Han blickte erneut auf den Koffer. »Wirst du diese Wohltätigkeitsreisen eigentlich nie leid?«
»Wohltätigkeit beginnt zu Hause«, mischte sich C-3PO ein und fuhr dann fort: »Nein, Augenblick, ich glaube, es heißt: ›Nächstenliebe beginnt zu Hause.‹ Huch, ich bin ganz durcheinander. Die Anstrengung, für eine Raumreise packen zu müssen…«
»3PO!«, sagte Han und richtete warnend den Zeigefinger auf ihn.
Da C-3P0 neben Millionen anderer Sprachen auch menschliche Körpersprache beherrschte, verstummte er augenblicklich.
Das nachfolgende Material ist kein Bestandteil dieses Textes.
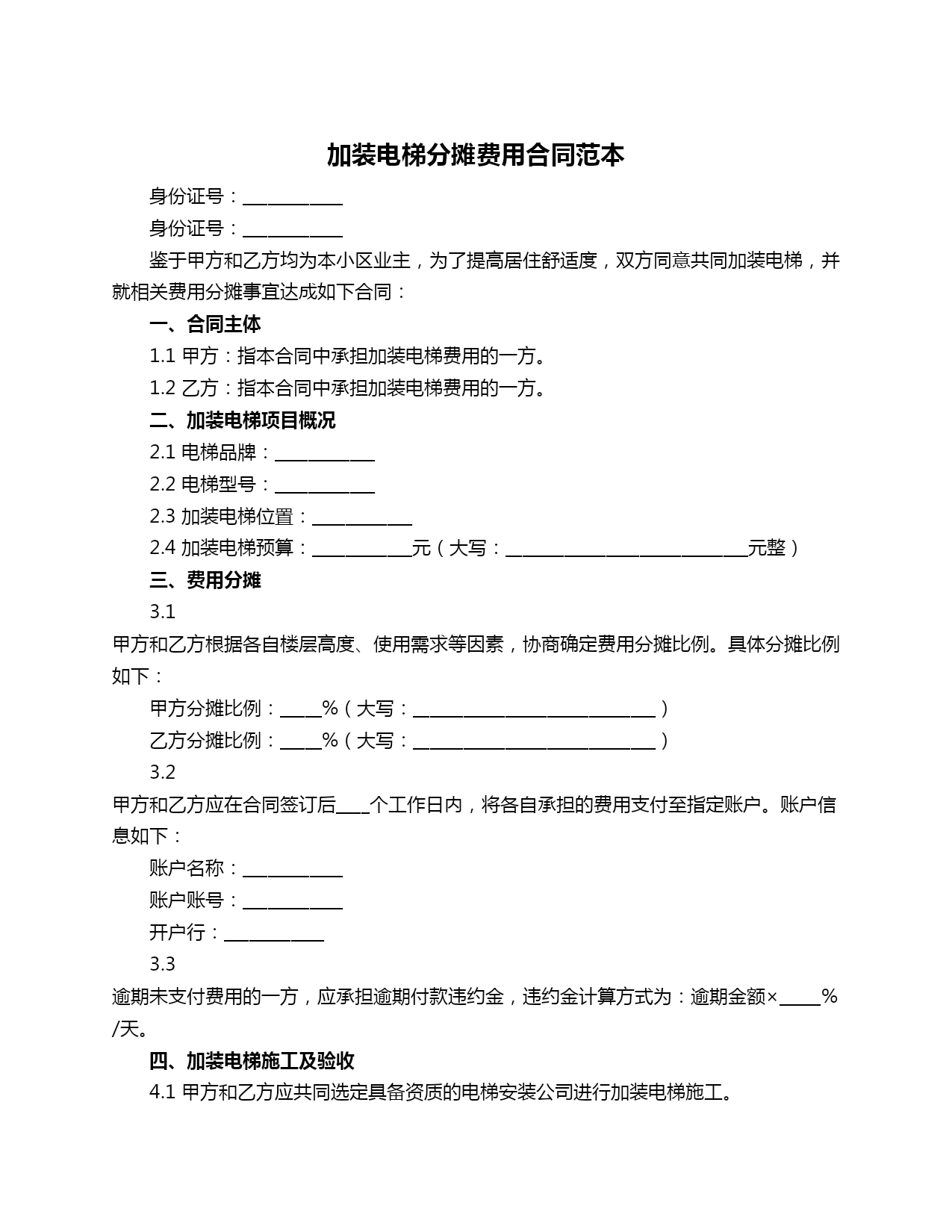 加装电梯分摊费用合同范本身份证号:____________身份证号:____________鉴于甲方和乙方均为本小区业主,为了提高居住舒适度,双方同意共同加装电梯,并就相关费用分摊事宜达成如下合同:一、合同主体1.1甲方:指本合同中承担加装电梯费用的一方。1.2乙方:指本合同中承担加装电梯费用的一方。二、加装电梯项目概况2.1电梯品牌:____________2.2电梯型号:____________2.3加装电梯位置:____________2.4加装电梯预算:____________元(大写:_____
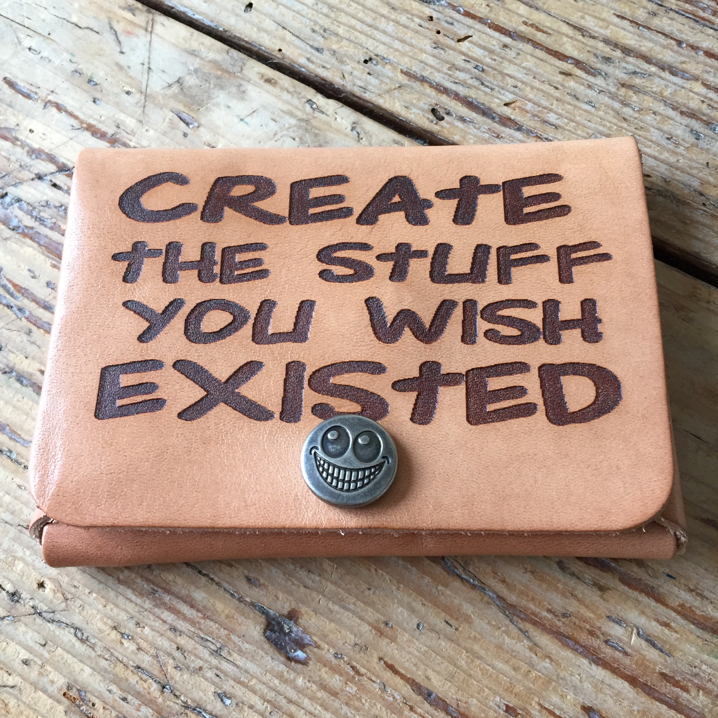 It actually arrived a few weeks back and I have been playing around a bit to test materials and options. I really love the laser engraving results on leather and wood. Cutting wood and Plexiglas is also fun. Below you find a few things I made for people I know, to help them out and for useful testing of the machine. The great thing is that where I needed to do cutting and stamping by hand or create a custom stamp I now only need a picture to create a custom design in leather. Of course this does not replace the great effects the other technics give, but it does add enormous potential. A nice key ring with a logo or even a photo engraved in it is now easily done.
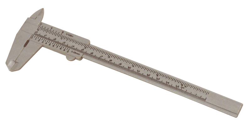 Plastové posuvné měřidlo 150mm, dělená stupnice v mm a palcích, pro orientační měření.
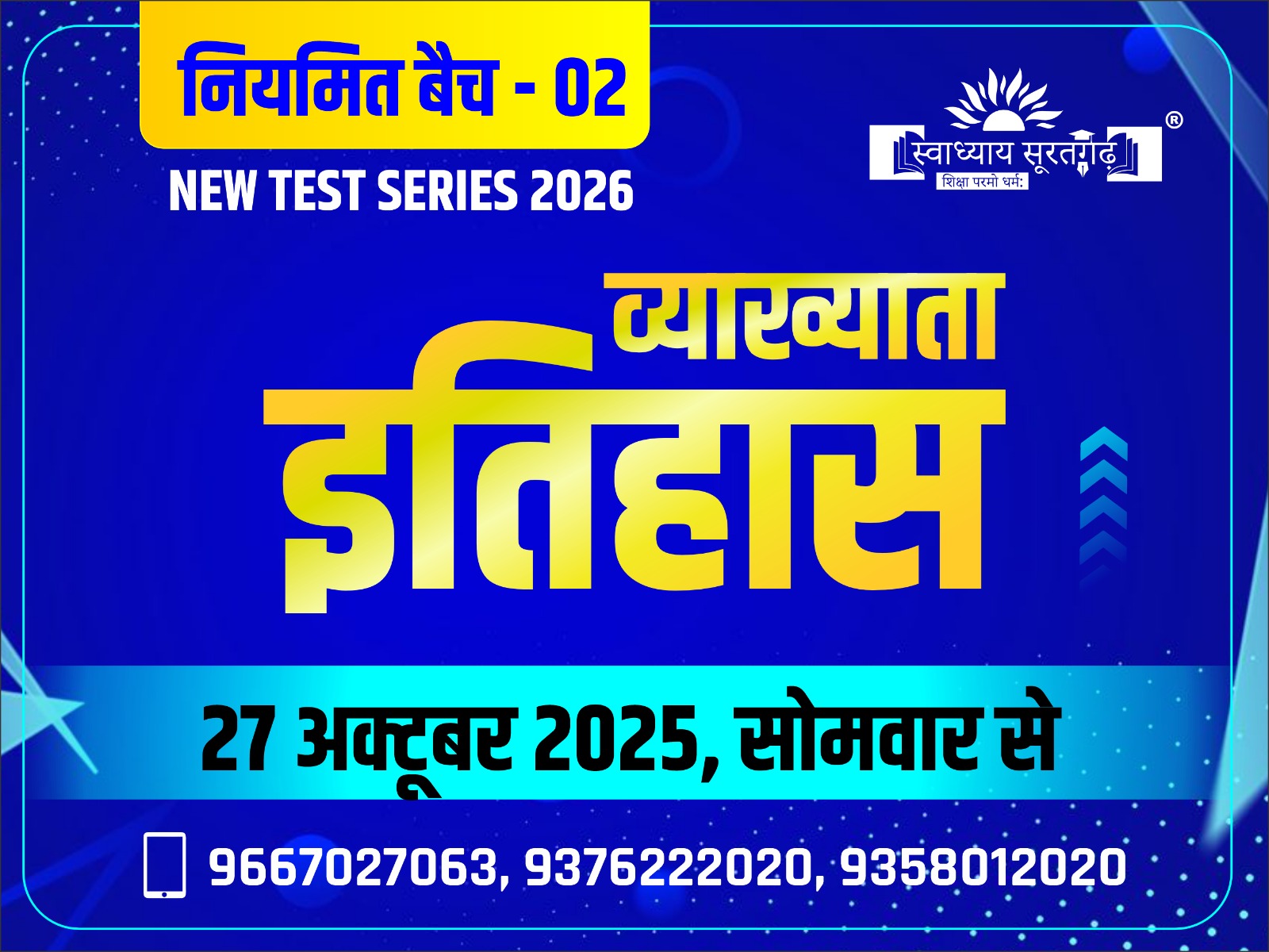 School Lecturer HISTORY New Batch Start ऑनलाइन कोर्स में आपसे जो फीस ली जाएगी वह सिर्फ एक दौहरान यानी एक रिवीजन लगभग 90 दिन की शुल्क ली जाएगी। इस दौहरान(revision) में जो पेपर/PAPER आपको उपलब्ध करवाए जाएंगे उन सभी पेपर की वैधता (validity) लगभग 1 साल (365 day) से अधिक रखी जाएगी। *नियमित छोटे टेस्ट Test Folder तथा मेजर टेस्ट(RPSC पेटर्न पर) Content Section के Test Folder मे उपलब्ध होगा | *टेस्ट का पूर्ण शेड्यूल Overview सेक्शन में उपलब्ध *टेस्ट 7.00 PM निश्चित समय पर Content Section के Test Folder में अपलोड किया जाता है | *1 सप्ताह में 3 यूनिट टेस्ट रहेंगे प्रत्येक यूनिट टेस्ट में लगभग 50 प्रश्न सम्मिलित रहेंगे। प्रश्नों का स्वरूप वस्तुनिष्ठ प्रकार का होगा। **ऑनलाइन में हमने विद्यार्थियों को तीन सुविधाएं उपलब्ध करवाई है।** ➡️ 1. जिसमें आप फोन में ऑनलाइन MCQ अभ्यास कर सकते हैं(बार - बार)। ➡️ 2. आपको पेपर की पीडीएफ उपलब्ध करवाई जाएगी। जिसका आप प्रिंट निकाल सकते हैं अपने फोन में उसको Store कर सकते हैं। ➡️ 3. आपको पेपर की उत्तर कुंजी/ Answer key उपलब्ध करवाई जाएगी जिसका प्रिंट निकलवा सकते हैं और फोन में उसको store कर सकते हैं। *शेड्यूल प्लान में प्रत्येक विषय के टॉपिक दिए गए हैं आप विद्यार्थी इस बात के लिए स्वतंत्र रहेंगे कि संबंधित टॉपिक को आप किसी भी पुस्तक में से अपनी सुविधा अनुसार पढ़ सकते हैं। *प्रत्येक प्रश्न पत्र का निर्माण चयनित व्याख्याताओं के द्वारा ही किया जाता है। *टेस्ट का समय शाम 7 बजे *Pdf तथा answer key भी उपलब्ध करवाई जायेगी । *पूर्णतया नए पाठ्यक्रम पर आधारित | एक बार कोर्स ख़रीदने के पश्चात् किसी भी परिस्थिति में फ़ीस वापस नहीं होगी। *टेस्ट सीरीज से सम्बन्धित किसी भी तकनीकी सहायता के लिए सीताराम शर्मा 9667027063 से संपर्क कर सकते है । * ऑफलाइन बैच की जानकारी हेतु संपर्क करें - 9376222020

Leia blickte von dem Droiden zu Han. »›Wohltätigkeitsreisen‹ sind eben das, womit ich mich beschäftigte. Ich versuche zu helfen, wo ich kann.«
Han nickte gleichgültig. »Eigentlich könnte es sich nicht besser treffen, weil ich selbst auch für eine Weile verschwinde.«
Leia starrte ihn an. »Verschwinden? Wohin?«
»Ich bin nicht ganz sicher.«
Leia zog die Augenbrauen hoch. »Du bist nicht sicher?«
»Das ist ein Fakt«, sagte Han und blickte hinunter in die Eingangshalle, wo Roa gerade eine Kristallstatue bewunderte, die Leia auf Vortex erstanden hatte.
Sie folgte seinem Blick. »Wer ist das?«
»Ein alter Freund.«
»Und hat er auch einen Namen?«
»Roa.«
»Das ist ja immerhin schon etwas«, sagte Leia gewollt witzig. »Ich weiß nicht, wohin du fliegst, aber wenigstens, mit wem – nur, falls ich dich erreichen will.« Sie zögerte. »Nimmst du den Falken?«
Han schüttelte den Kopf. »Dreh ruhig eine Runde mit ihm, wann immer du willst.«
Leia betrachtete ihn genau. »Han, was hat das zu bedeuten?«
»Wir wollen nur nach einem gemeinsamen Freund suchen.«
»Und deshalb müsst ihr so dringend aufbrechen?«
Han warf ihr einen kurzen Blick zu. »Jetzt oder nie, Leia. So einfach.« Er holte eine Reisetasche aus dem Schrank und begann, Kleidung hineinzustopfen.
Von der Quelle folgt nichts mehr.